* [EXERCISE REQUIREMENTS] In the records below, the line with "Land Title In" opens the range and the line with "备注:上面的浓缩是浓缩树脂的" closes it; print that range exactly and nothing else.

* [DATA FOR ANALYSIS]
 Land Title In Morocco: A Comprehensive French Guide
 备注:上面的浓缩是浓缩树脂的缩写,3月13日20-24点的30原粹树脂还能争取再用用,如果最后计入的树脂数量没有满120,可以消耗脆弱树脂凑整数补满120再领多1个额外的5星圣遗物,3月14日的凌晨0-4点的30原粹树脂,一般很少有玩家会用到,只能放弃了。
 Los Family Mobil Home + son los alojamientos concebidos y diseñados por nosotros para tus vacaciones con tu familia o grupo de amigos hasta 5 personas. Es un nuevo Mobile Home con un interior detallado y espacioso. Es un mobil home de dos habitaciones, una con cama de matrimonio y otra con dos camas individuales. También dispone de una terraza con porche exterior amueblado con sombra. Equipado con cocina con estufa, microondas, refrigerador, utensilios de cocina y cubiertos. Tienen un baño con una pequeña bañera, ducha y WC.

--

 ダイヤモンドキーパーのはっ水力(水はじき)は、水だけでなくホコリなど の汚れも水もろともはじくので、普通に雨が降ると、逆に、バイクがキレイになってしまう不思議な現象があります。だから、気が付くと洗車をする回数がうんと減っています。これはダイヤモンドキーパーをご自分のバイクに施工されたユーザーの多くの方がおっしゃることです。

* [REPLY]
 Land Title In Morocco: A Comprehensive French Guide
 备注:上面的浓缩是浓缩树脂的缩写,3月13日20-24点的30原粹树脂还能争取再用用,如果最后计入的树脂数量没有满120,可以消耗脆弱树脂凑整数补满120再领多1个额外的5星圣遗物,3月14日的凌晨0-4点的30原粹树脂,一般很少有玩家会用到,只能放弃了。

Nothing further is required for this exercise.